Thompson: Kurt, the history here is so interesting because it’s my understanding that the prevailing wisdom in U.S.-China relations used to be predicated on economic engagement, on costless economic engagement. The U.S. welcomed China into the World Trade Organization. The thinking was that trade with the U.S. would make China more like America—richer, more capitalist, more liberal, more open—and also that, by the way, access to China would make Americans feel richer, too. We’d buy cheaper toasters, cheaper clothes, each dollar would go further, and there would be no cost to our quality of life. What has happened to that easy theory of engagement in the last 10 to 15 years?
Kurt Campbell: Yeah. Well, thank you very much, and it’s great to be with you all.

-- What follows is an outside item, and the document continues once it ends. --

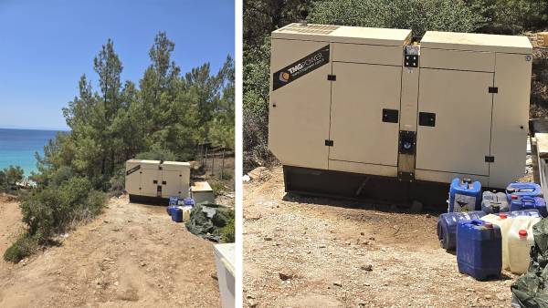 Ενδεικτική είναι η φωτογραφία που έστειλε αναγνώστης του KavalaNews στην οποία φαίνεται μια ηλεκτρογεννήτρια υγρών καυσίμων σε beach bar της νότιας Θάσου.

And I appreciate the chance of partnership always with my friend and colleague Rush Doshi. So first of all, let me just say that the idea, the logic, of engagement was pervasive. And in fact, one of the hardest things to challenge in international relations were the concepts and beliefs behind that engagement. I think it became clear in the 2000s or in the early parts of the second decade of the 2000s that China was determined not just to get more wealthy and more powerful, but to challenge the United States’ place on the global stage.
And it was not enough just to see China surpass the United States, but frankly, in strategic councils in Beijing, a desire for the United States to actually be defeated. I think the initial idea was that this reflected perhaps parts of the Chinese system, but ultimately there was still an appreciation and belief in engagement and working in partnership with the United States. I think over time, Derek, that most of those views have basically fallen away, largely as a result of just experiencing the world and some of the things that Rush has laid out more directly.
This excerpt has been edited and condensed.